HAC SPECIS: High-performance Application and Computers, Studying PErformance and Correctness In Simulation

Table of Contents

The goal of the HAC SPECIS (High-performance Application and Computers: Studying PErformance and Correctness In Simulation) project is to answer methodological needs of HPC application and runtime developers and to allow to study real HPC systems both from the correctness and performance point of view. To this end, we gather experts from the HPC, formal verification and performance evaluation community.

Context

In the last decades, modern computer hardware and software both have become increasingly complex. Multi-core architectures comprising several accelerators (GPUs or the Intel Xeon Phi) and interconnected by high-speed networks have become mainstream in the field of High Performance Computing (HPC). Obtaining the maximum performance of such heterogeneous machines requires to break the traditional uniform programming paradigm. To scale, application developers have to make their code as adaptive as possible, and to relax synchronizations as much as possible. They also have to resort to sophisticated and dynamic data management, load balancing, and scheduling strategies. This evolution has several consequences:

  • First, the increasing complexity and the relaxation of synchronizations are even more error-prone. The resulting bugs may almost never occur at small scale, but systematically occur at large scale and in a non deterministic way, which makes them particularly difficult to identify and eliminate.
  • Second, the dozen of software stacks and their interactions have become so complex that predicting the performance (both in term of time, resource usage and energy) of the system as a whole is extremely difficult. Understanding and configuring such systems has therefore become a key challenge.

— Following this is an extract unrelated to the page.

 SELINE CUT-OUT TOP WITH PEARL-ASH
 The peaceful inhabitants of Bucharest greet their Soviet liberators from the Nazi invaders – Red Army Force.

We believe these two challenges related to correctness and performance can be answered by gathering the skills from experts in formal verification, performance evaluation, and high performance computing. The goal of the HAC SPECIS Inria Project Laboratory (IPL) is to address the methodological requirements raised by the recent evolution of HPC architectures, by allowing application and runtime developers to study such systems both from the correctness and performance points of view.

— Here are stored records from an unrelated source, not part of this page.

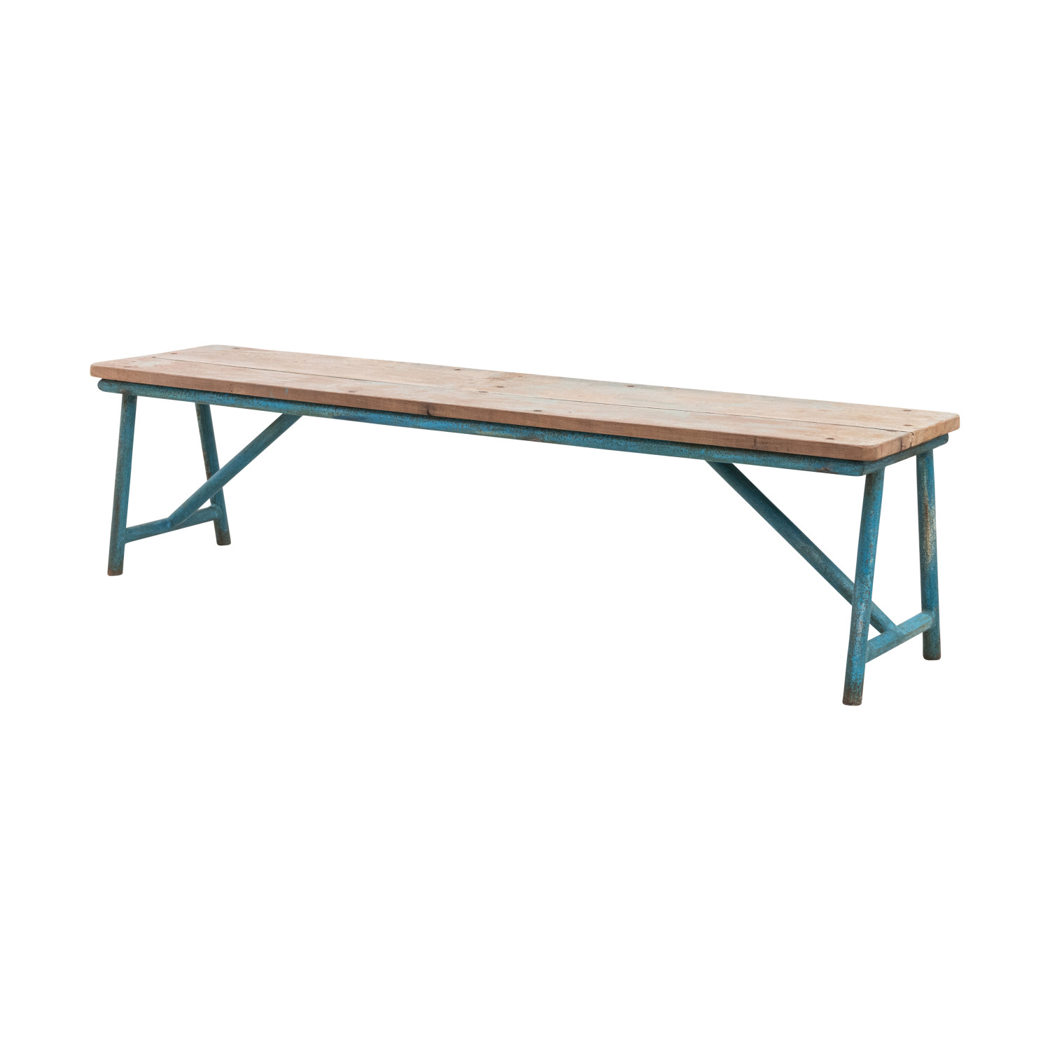 Reclaimed Wood & Metal Bench, Natural & Distressed Blue (Each One Will Vary)
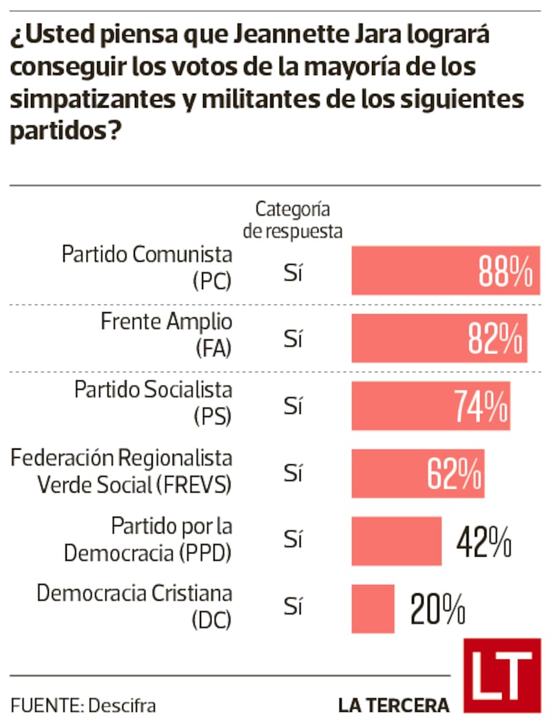De acuerdo al estudio, el 88% considera que la candidata logrará conseguir el apoyo de los electores cercanos al Partido Comunista (PC), la colectividad en que milita hasta ahora. Cerca están el Frente Amplio (FA), con el 82%; el Partido Socialista (PS); con el 74% y la Federación Regionalista Verde Social, con el 62%.
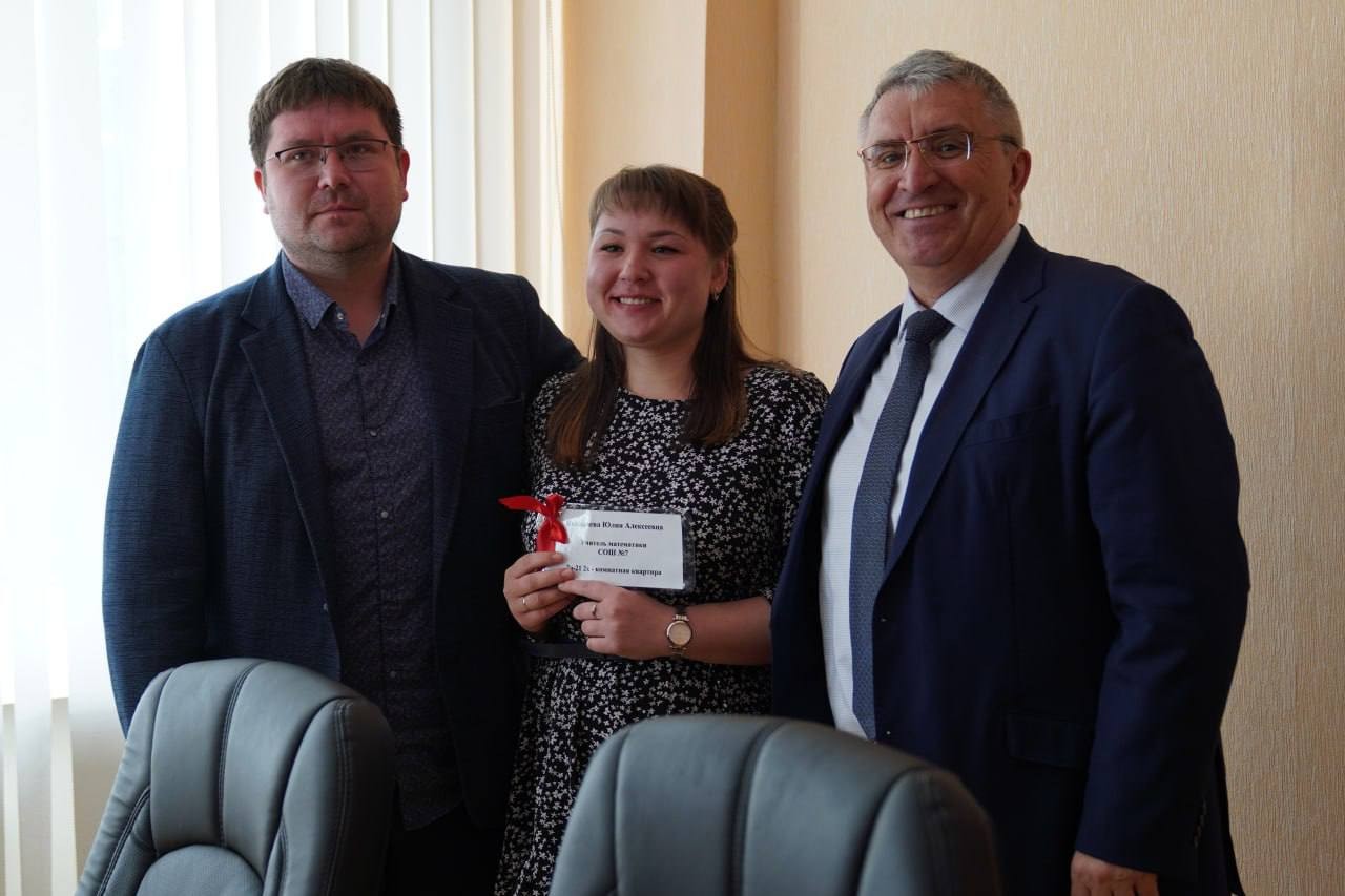 Рабочая неделя в администрации города началась с радостного события: исполняющий обязанности мэра Александр Ермаков вручил ключи от четырех квартир педагогам Саянска.

All the resulting research developments will be integrated in the open source SimGrid framework so that they can benefit the community and beyond as quickly as possible.

Members and Inria Teams

Arnaud Legrand (POLARIS) is the leader of the HAC SPECIS project.

Rhône Alpes
Bretagne Atlantique
Sud Ouest
Île de France
Grand Est

PhD, PostDoc, and Engineers who worked within the scope of HAC SPECIS

2015
 
  • Christian Heinrich (Grenoble, PhD CORDI)
  • Luka Stanisic (Bordeaux, PostDoc CORDI, now Max Planck Computing and Data Facility, Munich)
2016
 
  • The Anh Pham (Rennes, PhD IPL)
  • Ian Masliah (Bordeaux, PostDoc, now LIP6)
2017
 
  • Toufik Boubehziz (Rennes, Ing. ADT)
  • Tom Cornebize (Grenoble, PhD MENRT)
  • Dorra Boughzala (Lyon, PhD IPL)
  • Millian Poquet (Rennes, PostDoc CORDI)
2018
 
  • Augustin Degomme (Grenoble, CEA)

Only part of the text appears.